Start of RECORD EXCERPTS

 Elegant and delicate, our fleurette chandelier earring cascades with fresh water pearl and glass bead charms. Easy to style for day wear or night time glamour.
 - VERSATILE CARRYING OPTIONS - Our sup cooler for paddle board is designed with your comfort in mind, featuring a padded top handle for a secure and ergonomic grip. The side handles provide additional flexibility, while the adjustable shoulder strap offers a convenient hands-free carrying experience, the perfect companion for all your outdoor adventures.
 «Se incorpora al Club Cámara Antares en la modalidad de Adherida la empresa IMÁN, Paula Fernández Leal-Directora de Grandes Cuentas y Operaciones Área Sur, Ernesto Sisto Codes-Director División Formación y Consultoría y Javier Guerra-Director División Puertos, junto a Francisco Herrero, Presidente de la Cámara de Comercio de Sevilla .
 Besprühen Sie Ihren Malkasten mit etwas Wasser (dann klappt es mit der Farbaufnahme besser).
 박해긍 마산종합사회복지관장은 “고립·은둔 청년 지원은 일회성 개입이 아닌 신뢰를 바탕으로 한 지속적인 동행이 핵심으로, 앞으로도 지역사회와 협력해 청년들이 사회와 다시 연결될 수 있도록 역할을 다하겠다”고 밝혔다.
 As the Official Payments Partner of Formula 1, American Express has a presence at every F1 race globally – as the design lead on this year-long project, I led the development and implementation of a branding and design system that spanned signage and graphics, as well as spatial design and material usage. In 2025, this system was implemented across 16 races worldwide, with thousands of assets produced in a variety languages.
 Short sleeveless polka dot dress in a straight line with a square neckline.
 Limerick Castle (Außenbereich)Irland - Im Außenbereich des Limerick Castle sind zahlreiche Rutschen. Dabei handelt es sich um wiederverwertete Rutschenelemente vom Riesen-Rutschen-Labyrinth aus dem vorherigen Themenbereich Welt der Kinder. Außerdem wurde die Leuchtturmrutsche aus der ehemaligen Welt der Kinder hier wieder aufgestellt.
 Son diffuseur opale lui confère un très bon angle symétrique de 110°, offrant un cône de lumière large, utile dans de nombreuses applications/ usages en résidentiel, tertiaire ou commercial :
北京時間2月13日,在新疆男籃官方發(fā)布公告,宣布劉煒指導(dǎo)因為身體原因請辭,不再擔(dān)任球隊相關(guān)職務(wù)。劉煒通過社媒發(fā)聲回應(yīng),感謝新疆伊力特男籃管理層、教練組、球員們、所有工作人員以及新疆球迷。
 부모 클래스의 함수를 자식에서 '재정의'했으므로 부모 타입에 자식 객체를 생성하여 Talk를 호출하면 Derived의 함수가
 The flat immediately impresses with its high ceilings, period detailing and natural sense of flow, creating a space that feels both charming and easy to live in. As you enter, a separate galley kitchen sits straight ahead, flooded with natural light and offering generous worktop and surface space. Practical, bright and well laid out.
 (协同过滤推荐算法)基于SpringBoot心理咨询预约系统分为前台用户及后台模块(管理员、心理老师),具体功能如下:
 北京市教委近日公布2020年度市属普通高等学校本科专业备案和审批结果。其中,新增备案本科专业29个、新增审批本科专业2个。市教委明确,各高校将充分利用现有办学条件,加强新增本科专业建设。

End of RECORD EXCERPTS

__THE TASK__
Only one span is to be repeated: the line with "The flat immediately" through the final line of the entries above, word for word.

__REPLY TO THE TASK__
 The flat immediately impresses with its high ceilings, period detailing and natural sense of flow, creating a space that feels both charming and easy to live in. As you enter, a separate galley kitchen sits straight ahead, flooded with natural light and offering generous worktop and surface space. Practical, bright and well laid out.
 (协同过滤推荐算法)基于SpringBoot心理咨询预约系统分为前台用户及后台模块(管理员、心理老师),具体功能如下:
 北京市教委近日公布2020年度市属普通高等学校本科专业备案和审批结果。其中,新增备案本科专业29个、新增审批本科专业2个。市教委明确,各高校将充分利用现有办学条件,加强新增本科专业建设。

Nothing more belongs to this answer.